▶

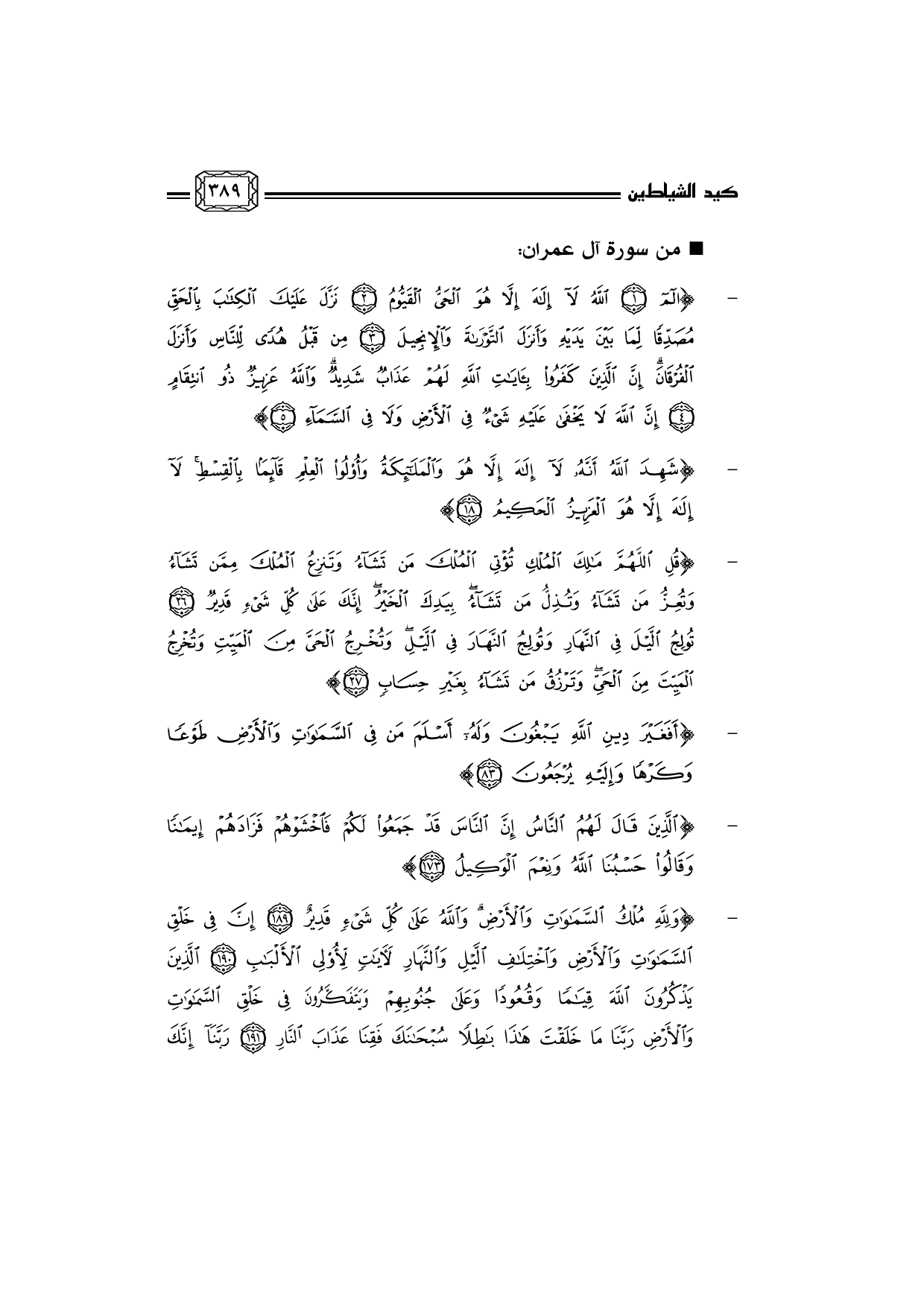 - ... {الم *اللَّهُ لاَ إِلَهَ إِلاَّ هُوَ الْحَيُّ الْقَيُّومُ *نَزَّلَ عَلَيْكَ الْكِتَابَ بِالْحَقِّ مُصَدِّقًا لِمَا بَيْنَ يَدَيْهِ وَأَنْزَلَ التَّوْرَاةَ وَالإِنْجِيلَ *مِنْ قَبْلُ هُدىً لِلنَّاسِ وَأَنْزَلَ الْفُرْقَانَ إِنَّ الَّذِينَ كَفَرُوا بِآيَاتِ اللَّهِ لَهُمْ عَذَابٌ شَدِيدٌ وَاللَّهُ عَزِيزٌ ذُو انْتِقَامٍ *إِنَّ اللَّهَ لاَ يَخْفَى عَلَيْهِ شَيْءٌ فِي الأَرْضِ وَلاَ فِي السَّمَاءِ *}
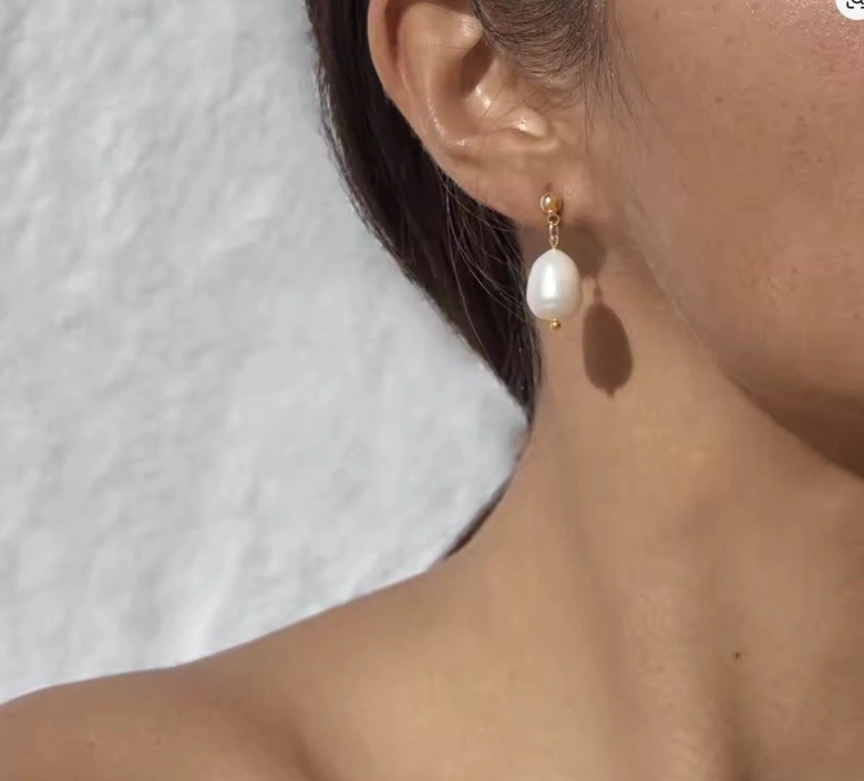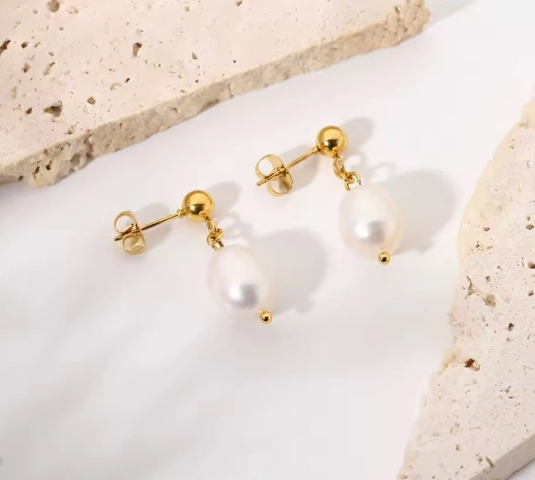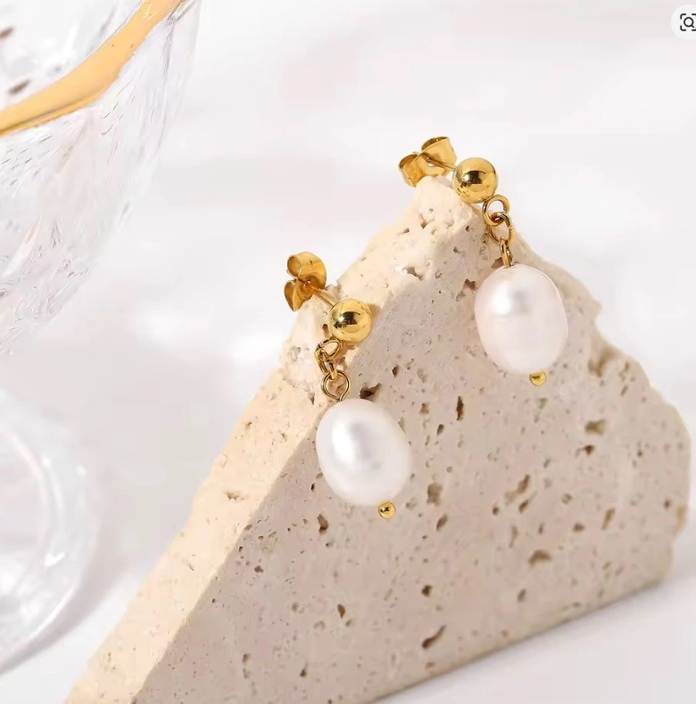 18K Gold Plated Stainless Steel Pearl Earring (Tarnish free)
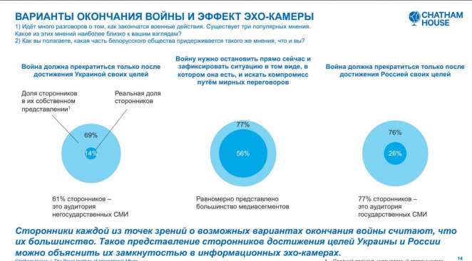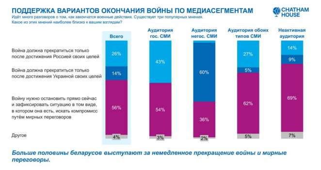 О том, что война должна прекратиться только после достижения Россией своих целей, заявили 26% опрошенных (среди аудитории госСМИ эта доля еще выше — 43%). 14% белорусов полагают, что война должна закончиться на украинских условиях (аудитория госСМИ такой вариант не рассматривает вообще, а вот среди читателей независимых ресурсов эту позицию поддерживают 60%).
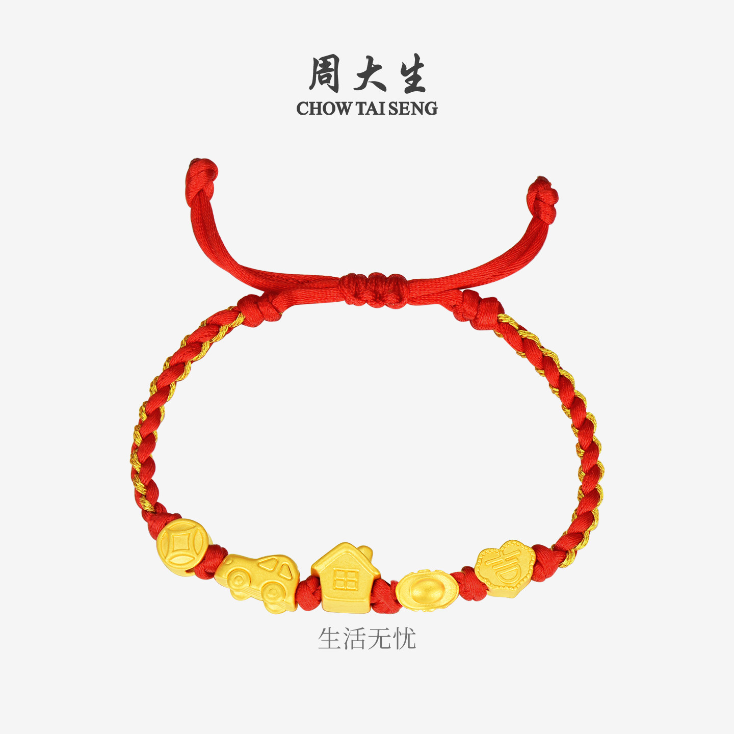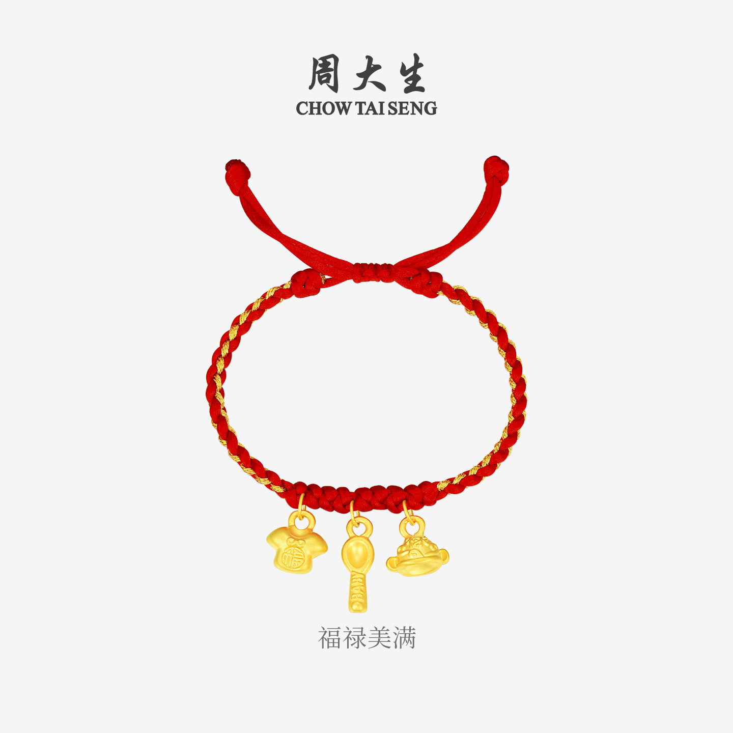 周大生吉祥三宝黄金宝宝手链3D硬金足金转运珠本命年儿童周岁礼
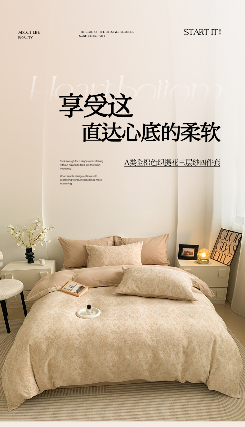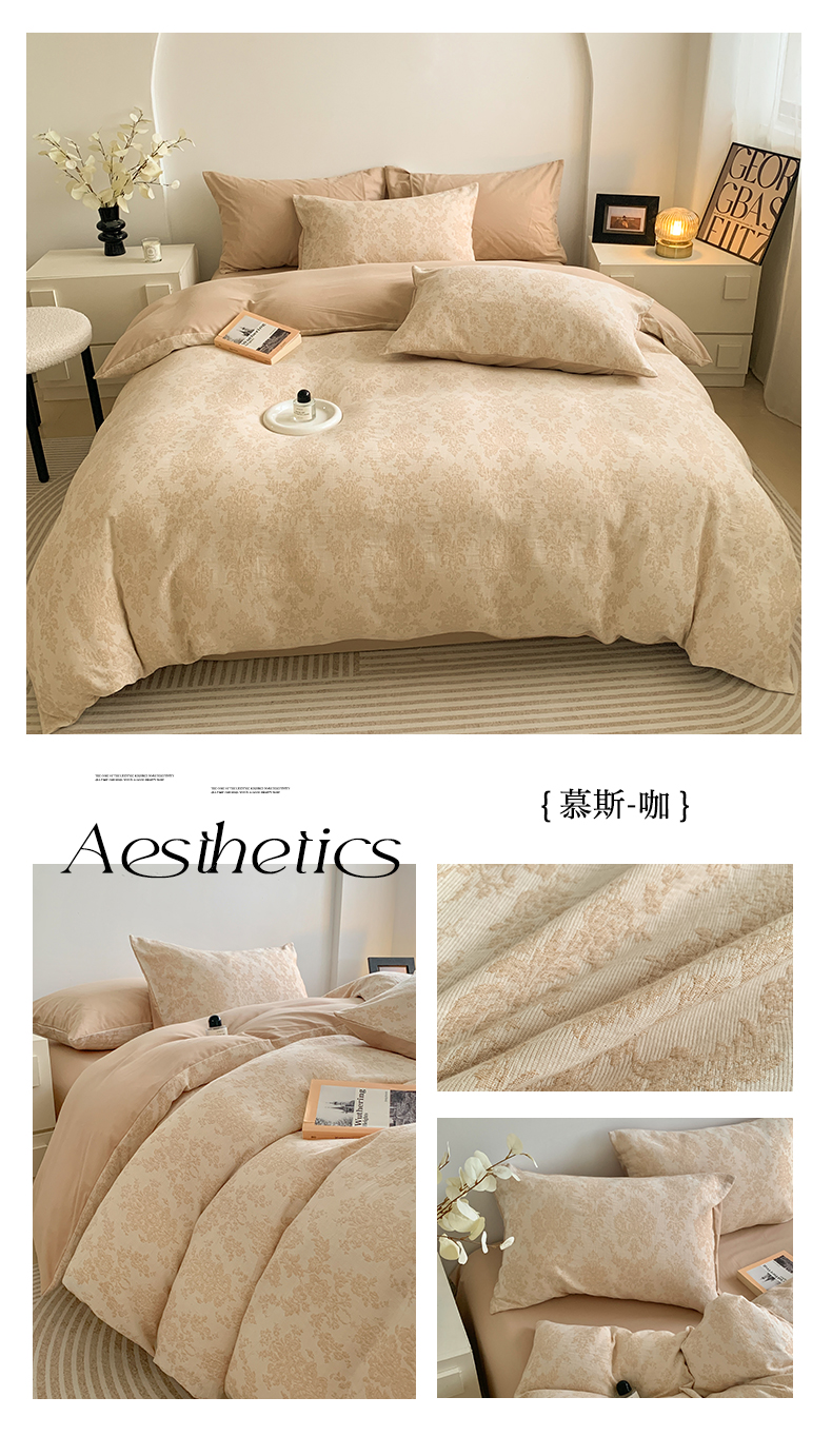 (总)莱茵家居 2025新款A类60支厚织提花美拉德风全棉纯棉四件套-暮合系列,暮合-可可,暮合-米咖,暮合-奶茶,暮合-棕榈
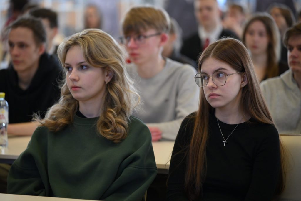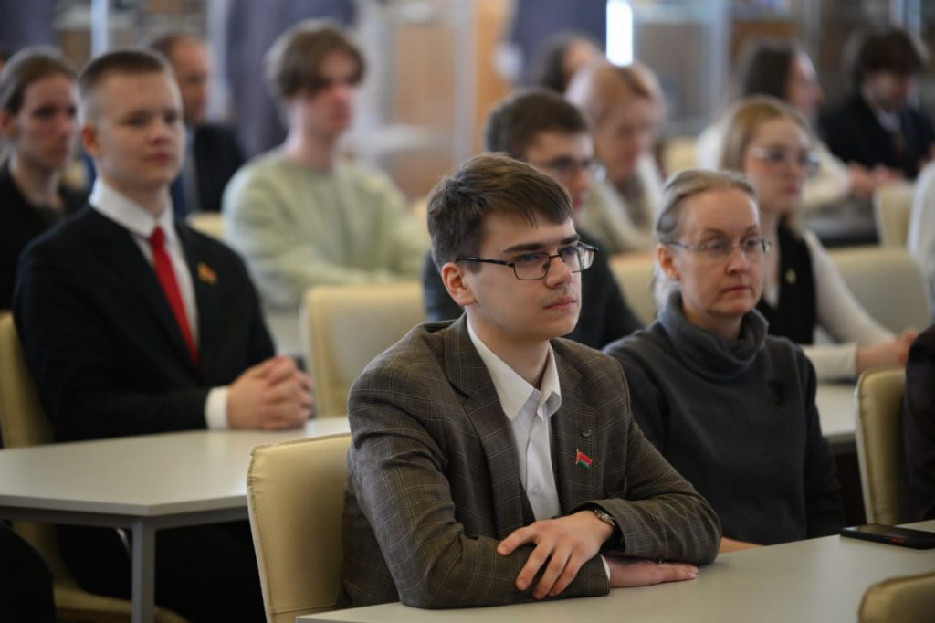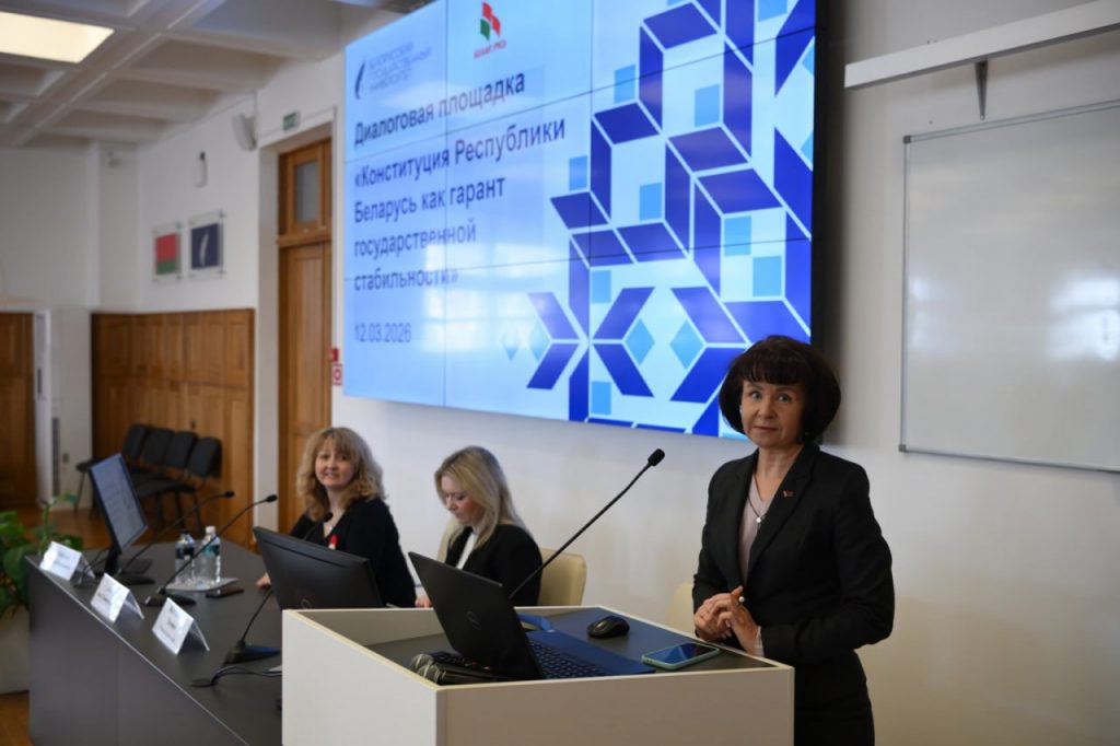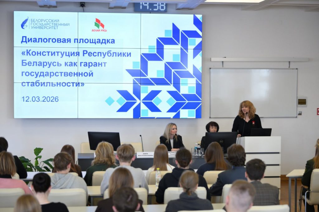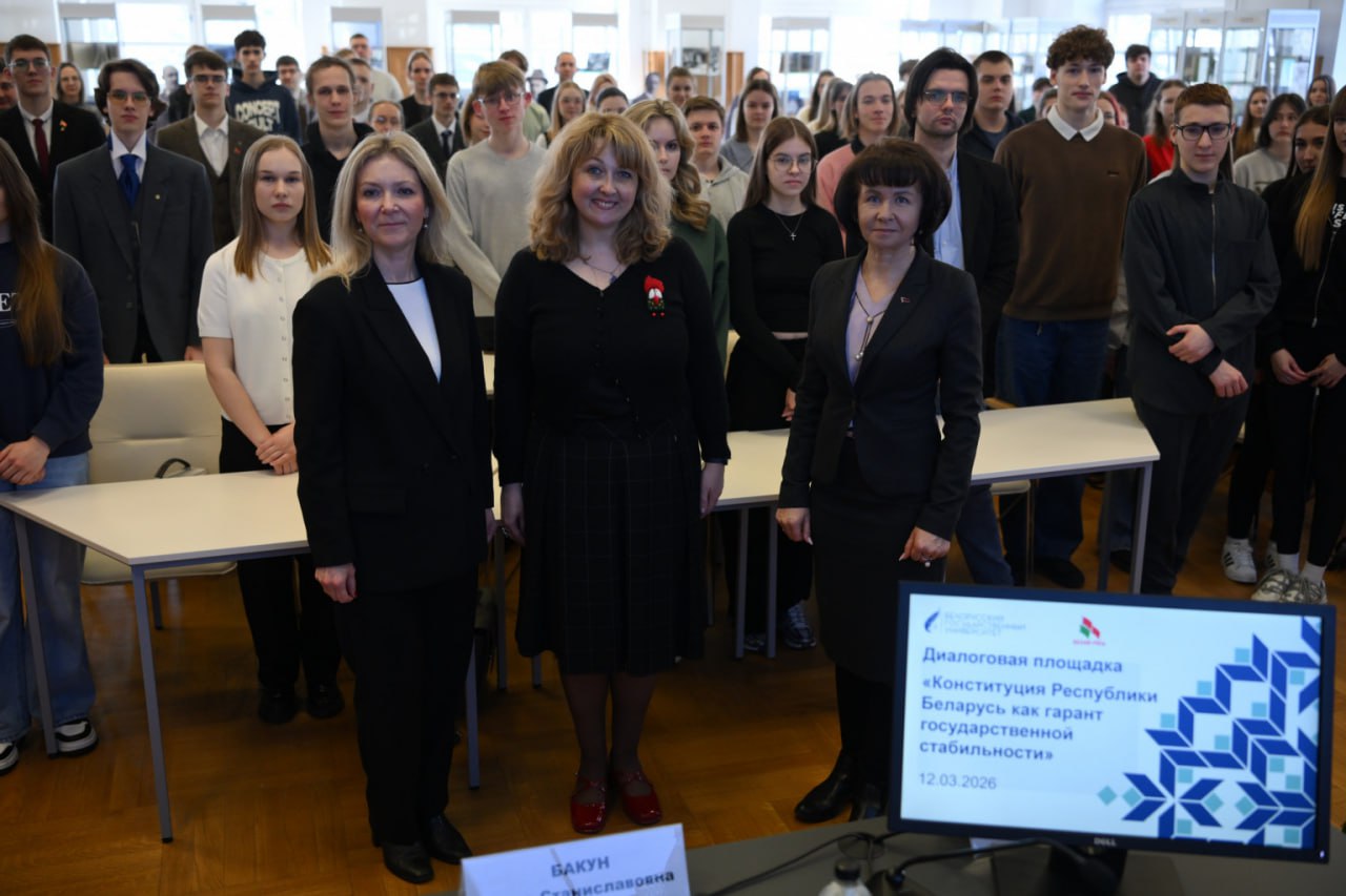 12.03.2026 на факультете географии и геоинформатики состоялась общеуниверситетская диалоговая площадка «Конституция Республики Беларусь как гарант государственной стабильности» с участием проректора по идеологической и воспитательной работе Анны Бакун, председателя «Белой Руси» Марины Гутовской, доцента кафедры конституционного права Татьяны Масловской, студентов и руководства всех факультетов вуза.
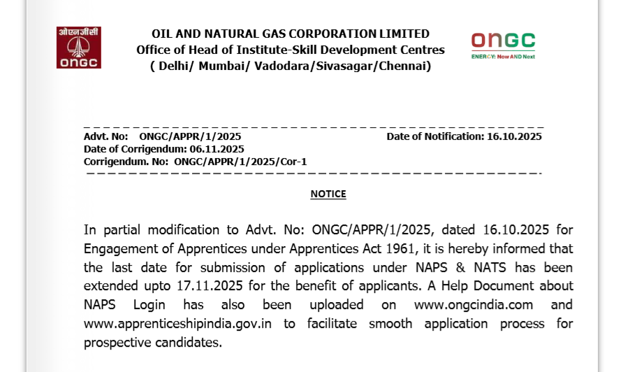 ONGC Apprentice Recruitment 2025 से जुड़ी महत्वपूर्ण अपडेट

◀

**Activity:** Please repeat the entries above exactly, leaving out any pictures.

**Result for this task:**
 - ... {الم *اللَّهُ لاَ إِلَهَ إِلاَّ هُوَ الْحَيُّ الْقَيُّومُ *نَزَّلَ عَلَيْكَ الْكِتَابَ بِالْحَقِّ مُصَدِّقًا لِمَا بَيْنَ يَدَيْهِ وَأَنْزَلَ التَّوْرَاةَ وَالإِنْجِيلَ *مِنْ قَبْلُ هُدىً لِلنَّاسِ وَأَنْزَلَ الْفُرْقَانَ إِنَّ الَّذِينَ كَفَرُوا بِآيَاتِ اللَّهِ لَهُمْ عَذَابٌ شَدِيدٌ وَاللَّهُ عَزِيزٌ ذُو انْتِقَامٍ *إِنَّ اللَّهَ لاَ يَخْفَى عَلَيْهِ شَيْءٌ فِي الأَرْضِ وَلاَ فِي السَّمَاءِ *}
 18K Gold Plated Stainless Steel Pearl Earring (Tarnish free)
 О том, что война должна прекратиться только после достижения Россией своих целей, заявили 26% опрошенных (среди аудитории госСМИ эта доля еще выше — 43%). 14% белорусов полагают, что война должна закончиться на украинских условиях (аудитория госСМИ такой вариант не рассматривает вообще, а вот среди читателей независимых ресурсов эту позицию поддерживают 60%).
 周大生吉祥三宝黄金宝宝手链3D硬金足金转运珠本命年儿童周岁礼
 (总)莱茵家居 2025新款A类60支厚织提花美拉德风全棉纯棉四件套-暮合系列,暮合-可可,暮合-米咖,暮合-奶茶,暮合-棕榈
 12.03.2026 на факультете географии и геоинформатики состоялась общеуниверситетская диалоговая площадка «Конституция Республики Беларусь как гарант государственной стабильности» с участием проректора по идеологической и воспитательной работе Анны Бакун, председателя «Белой Руси» Марины Гутовской, доцента кафедры конституционного права Татьяны Масловской, студентов и руководства всех факультетов вуза.
 ONGC Apprentice Recruitment 2025 से जुड़ी महत्वपूर्ण अपडेट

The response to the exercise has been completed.